(Beginning of Material for this exercise)

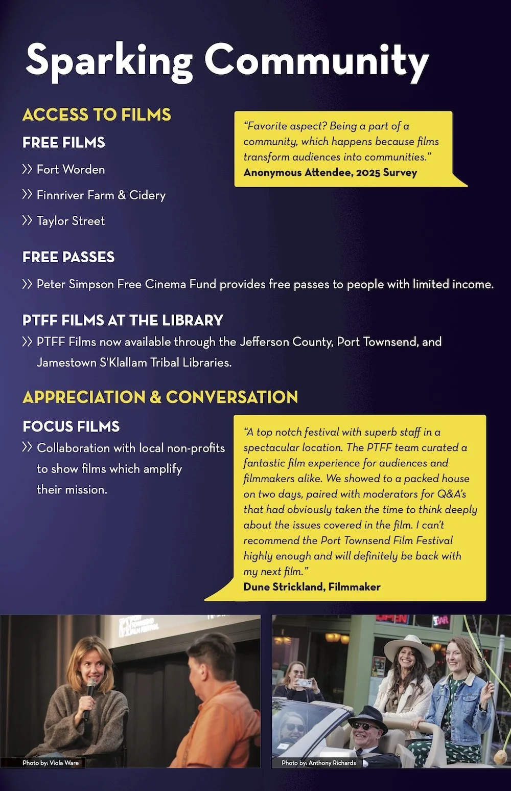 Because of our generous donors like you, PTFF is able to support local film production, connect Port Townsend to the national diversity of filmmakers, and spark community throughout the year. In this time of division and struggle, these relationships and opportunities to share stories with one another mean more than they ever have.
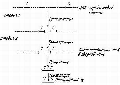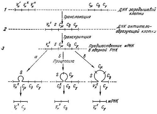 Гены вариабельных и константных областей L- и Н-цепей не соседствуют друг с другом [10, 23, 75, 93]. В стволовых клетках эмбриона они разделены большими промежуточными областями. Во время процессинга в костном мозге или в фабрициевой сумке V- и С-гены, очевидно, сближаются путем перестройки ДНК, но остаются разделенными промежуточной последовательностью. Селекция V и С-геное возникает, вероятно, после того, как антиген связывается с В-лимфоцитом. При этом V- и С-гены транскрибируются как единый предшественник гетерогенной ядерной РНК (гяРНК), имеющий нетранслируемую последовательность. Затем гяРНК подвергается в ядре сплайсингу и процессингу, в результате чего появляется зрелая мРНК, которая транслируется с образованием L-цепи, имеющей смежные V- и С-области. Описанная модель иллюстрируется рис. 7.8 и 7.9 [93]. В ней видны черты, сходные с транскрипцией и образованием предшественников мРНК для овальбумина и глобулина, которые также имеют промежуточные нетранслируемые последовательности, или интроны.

(End of Material for this exercise)
(Beginning of Material for this exercise)

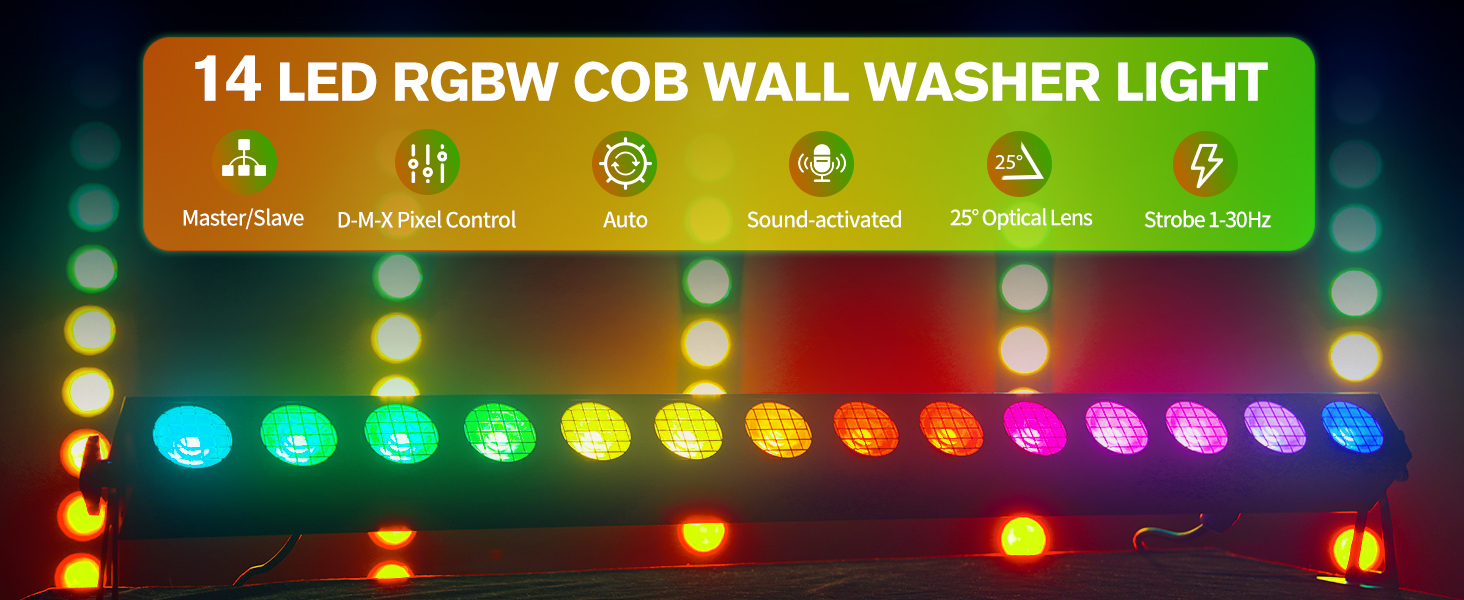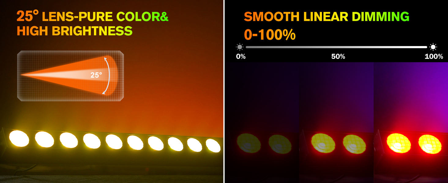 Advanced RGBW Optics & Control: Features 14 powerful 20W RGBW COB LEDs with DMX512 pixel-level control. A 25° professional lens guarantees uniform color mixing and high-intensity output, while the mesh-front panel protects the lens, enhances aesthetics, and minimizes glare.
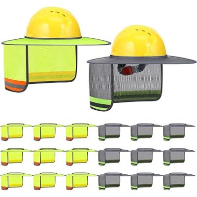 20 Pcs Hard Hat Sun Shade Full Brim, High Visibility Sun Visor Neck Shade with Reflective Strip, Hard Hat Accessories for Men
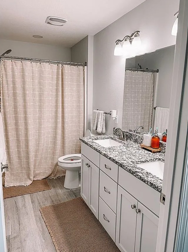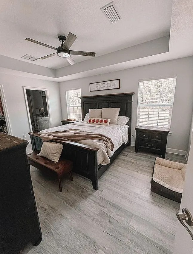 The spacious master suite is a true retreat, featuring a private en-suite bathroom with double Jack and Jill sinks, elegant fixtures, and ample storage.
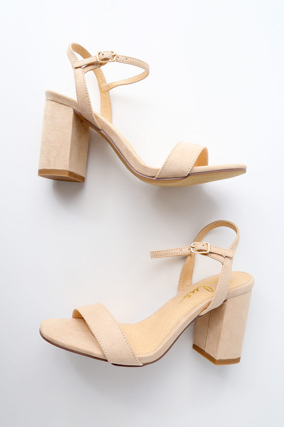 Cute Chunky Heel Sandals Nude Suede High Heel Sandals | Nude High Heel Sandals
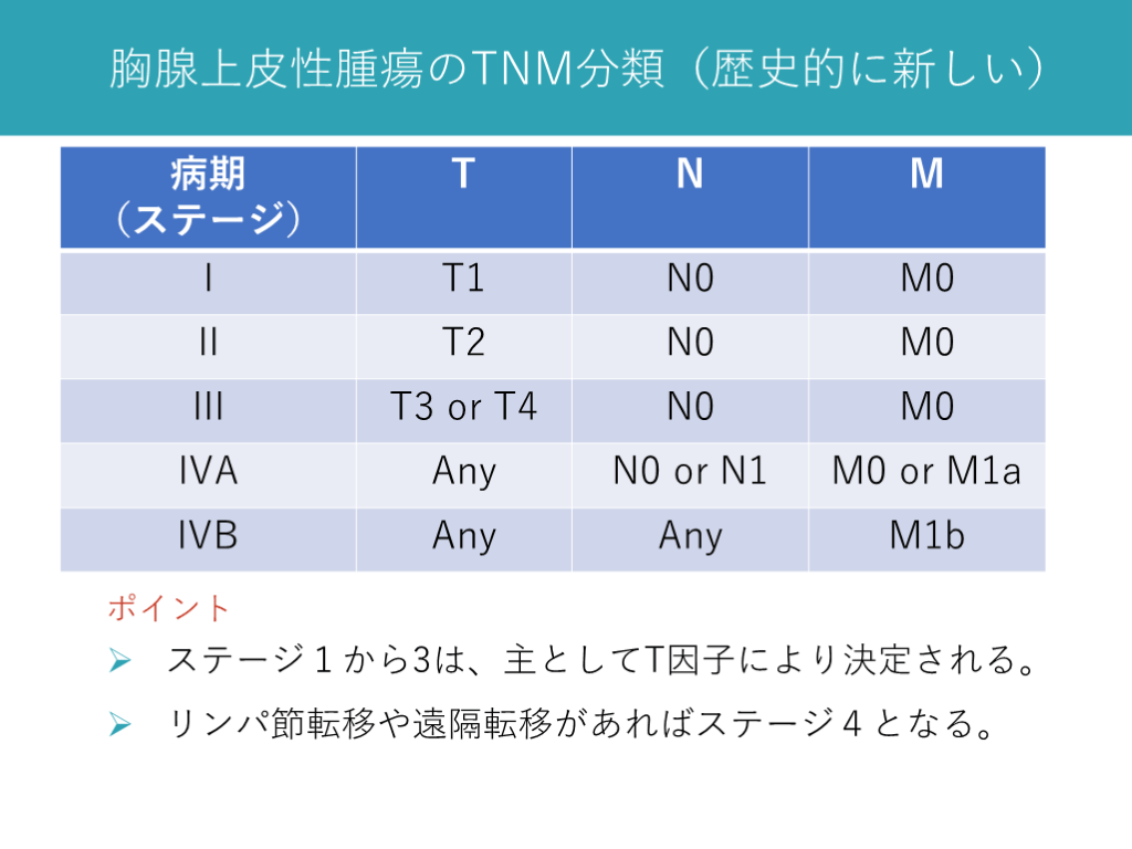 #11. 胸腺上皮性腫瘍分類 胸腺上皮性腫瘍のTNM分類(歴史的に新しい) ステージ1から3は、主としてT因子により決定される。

(End of Material for this exercise)

What is required: Find the line with "The spacious master" in the entries above. Set down exactly every line from it up to and including the line with "#11. 胸腺上皮性腫瘍分類 胸腺上皮性腫瘍のTNM分類(歴史的に新しい)", images excluded.

Expected output:
 The spacious master suite is a true retreat, featuring a private en-suite bathroom with double Jack and Jill sinks, elegant fixtures, and ample storage.
 Cute Chunky Heel Sandals Nude Suede High Heel Sandals | Nude High Heel Sandals
 #11. 胸腺上皮性腫瘍分類 胸腺上皮性腫瘍のTNM分類(歴史的に新しい) ステージ1から3は、主としてT因子により決定される。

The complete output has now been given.